Member of the Ohio House of Representatives
- In office January 2, 2023 – January 5, 2025
- Preceded by: Phil Robinson
- Succeeded by: Christine Cockley
- Constituency: 6th district
- In office January 2, 2017 – December 31, 2022
- Preceded by: Michael Curtin
- Succeeded by: Tom Patton
- Constituency: 17th district

Personal details
- Born: Adam Clay Miller January 27, 1965 (age 61) Columbus, Ohio, U.S.
- Party: Democratic
- Education: Ohio State University (BA); Capital University (JD); Army War College (MS);

Military service
- Branch/service: United States Army Army Reserve; ;
- Rank: Colonel
- Unit: Army Judge Advocate General's Corps
- Battles/wars: War in Afghanistan

= Adam Miller (politician) =

American politician (born 1965)

Adam Clay Miller (born January 27, 1965) is an American attorney and politician who served as a member of the Ohio House of Representatives from the 6th district from 2023 to 2025, previously representing the 17th district from 2017 to 2022. He is a Democrat.
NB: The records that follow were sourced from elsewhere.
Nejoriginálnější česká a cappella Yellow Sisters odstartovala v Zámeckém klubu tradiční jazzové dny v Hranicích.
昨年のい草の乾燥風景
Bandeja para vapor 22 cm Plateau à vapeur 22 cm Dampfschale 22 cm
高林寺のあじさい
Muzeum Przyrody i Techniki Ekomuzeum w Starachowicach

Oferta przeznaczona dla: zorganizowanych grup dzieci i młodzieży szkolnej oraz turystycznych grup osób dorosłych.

The district consists of portions of Columbus including Hilltop, and the Southside as well as Valleyview in Franklin County.

==Early life and education==
Miller was born in Columbus, Ohio and is the fourth-generation resident of the Hilltop neighborhood. He earned a Bachelor of Arts degree in English literature from Ohio State University, a Juris Doctor from the Capital University Law School, and a Master of Science in strategic studies from the United States Army War College.

== Career ==
Outside of politics, Miller works as a director with Kegler, Brown, Hill + Ritter. In 1998, Miller ran unsuccessfully for the United States House of Representatives against Deborah Pryce. He lost again in 2004, this time for a seat on the Ohio State Board of Education.
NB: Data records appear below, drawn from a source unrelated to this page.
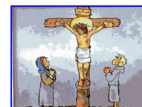
La morte di Gesù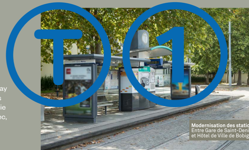
Modernisation des stations Entre Gare de Saint-Denis et Hôtel de Ville de Bobigny

Face à ce constat, la RATP, en lien avec Île-de-France mobilités et les collectivités locales (villes et départements), a élaboré un programme d'actions coordonnées (PACT T1) visant notamment la mise à niveau de la ligne en améliorant l'exploitation (régularité, désaturation des quais, etc.), le confort et l'accessibilité, y compris pour les personnes à mobilité réduite. Dans ce cadre, des travaux d'agrandissement et de modernisation des quais des stations, sur la partie historique, sont envisagés. Ils font l'objet de la présente concertation.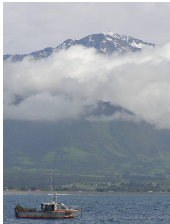
Nueva Zelanda, como muchos otros países es un paisaje bajo la presión del desarrollo.

La Carta del Paisaje del NZILA presentará la posición del Instituto sobre temas relacionados con el manejo y el cambio del paisaje, defendiendo el uso y el manejo inteligente de los paisajes de Nueva Zelanda. El NZILA está guiando el asesoramiento al gobierno de Nueva Zelanda y a quienes manejan nuestros paisajes en el uso y el manejo apropiado de uno de nuestros recursos más reconocidos.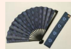
酒井家家紋を取り入れた江戸扇子と絹製扇子袋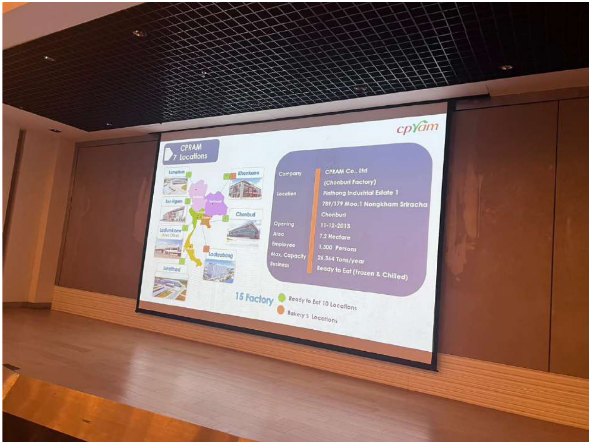
ภาพ 8 เขตรับผลิตของของบริษัท ซีพีแรม จำกัด

A colonel in the United States Army Reserve, Miller is a Judge Advocate General's Corps officer. He did a tour of Afghanistan in 2004 and another in 2020. Formerly, Miller served on the Grandview Heights City School Board.

===Ohio House of Representatives===
In 2016, Representative Michael Curtin decided not to seek a third term. Opting to seek the Democratic nomination, Miller defeated Matt Jolson 58% to 42%. This was despite Miller not being endorsed by the Franklin County Democratic Party.

In a safely Democratic seat, Miller won the general election against Republican John Rush by only a 54% to 46% margin, much closer than anticipated. Miller is only the second person to hold this seat, after Curtin, since it was established in 2013.

== Personal life ==
He is married with two children and resides in Marble Cliff.